Key Advancements and Methodology
Surface Extraction and Frosting Layer Optimization
The journey from a collection of 3D Gaussians to a refined editable model is meticulously crafted. The process commences with the extraction of a base mesh through a refined version of SuGaR's regularization technique. Following this, an adaptive Gaussian Frosting layer is constructed around the mesh, its thickness varying based on the local material properties deduced from the initial unregularized Gaussians.
This adaptive strategy is crucial for allocating computational resources where they are most needed, thus ensuring a judicious balance between rendering quality and computational efficiency. Moreover, a novel parametrization scheme for Gaussians within the Frosting layer ensures their coherent manipulation during mesh editing or animation, significantly enhancing the model's versatility.
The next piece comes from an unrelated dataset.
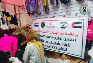 وثمنت اسر شهداء حزام ابين الدعم السخي واللفتة الإنسانية الكريمة من دولة الامارات العربية المتحدة عبر ذراعها الانساني الهلال الاحمر،الذي لامس همومهم ومعاناتهم وخفف اعباء كسوة ابناءهم مع اقتراب عيد الفطر المبارك .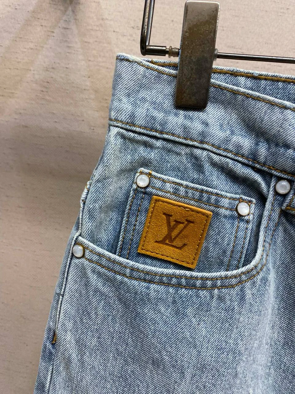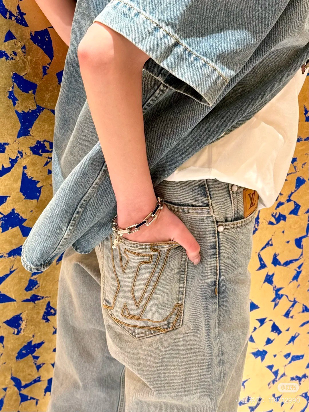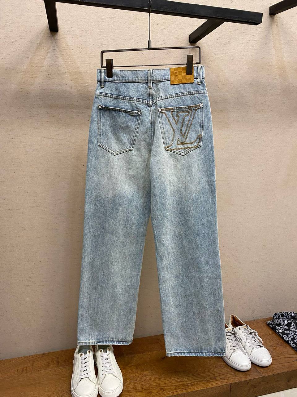 Джинсы сшиты из премиального хлопкового денима высокой плотности, обеспечивающего долговечность и естественную мягкость после носки. Крой — прямой и слегка расслабленый, с высокой посадкой на талии для комфортной свободы движений, без излишней облегаемости. Ноги слегка расширяются к низу, создавая сбалансированный силуэт, подходящий для разных типов фигур. Фирменные детали подчеркивают аутентичность LV: золотистая монограмма LV на заднем кармане, металлическая кнопка и заклепки с гравировкой, а также висящая этикетка с логотипом для утонченного акцента.

Implications and Future Directions
Bridging Theory and Practice
Gaussian Frosting addresses several perennial challenges in the landscape of 3D rendering and editing. It provides a tangible solution to the dichotomy between the need for high-quality, volumetric rendering and the practical requirements of editability and animation. The resultant models exhibit a depth of detail and realism, hitherto challenging to achieve with purely surface-based or volumetric methods alone.
Speculations on the Horizon
The implications of Gaussian Frosting extend beyond the immediate advancements in rendering and model manipulation. It proposes a framework wherein the computational expenditure aligns more closely with visual and editing demands, paving the way for more efficient and scalable solutions in real-time 3D applications. Moreover, the inherent flexibility of the Gaussian Frosting layer in encapsulating complex geometries and materials hints at broader applications in simulating and rendering intricate physical phenomena and tactile materials.
Concluding Observations
Gaussian Frosting represents a significant stride toward reconciling the high fidelity of volumetric rendering with the pragmatic necessities of 3D model editing and animation. By intelligently merging surface and volumetric representations, it opens new avenues for creating, manipulating, and visualizing 3D scenes in real-time. As this research progresses, it holds the promise of transforming the paradigms of 3D rendering, making the creation of dynamic, complex, and lifelike 3D environments more accessible and efficient.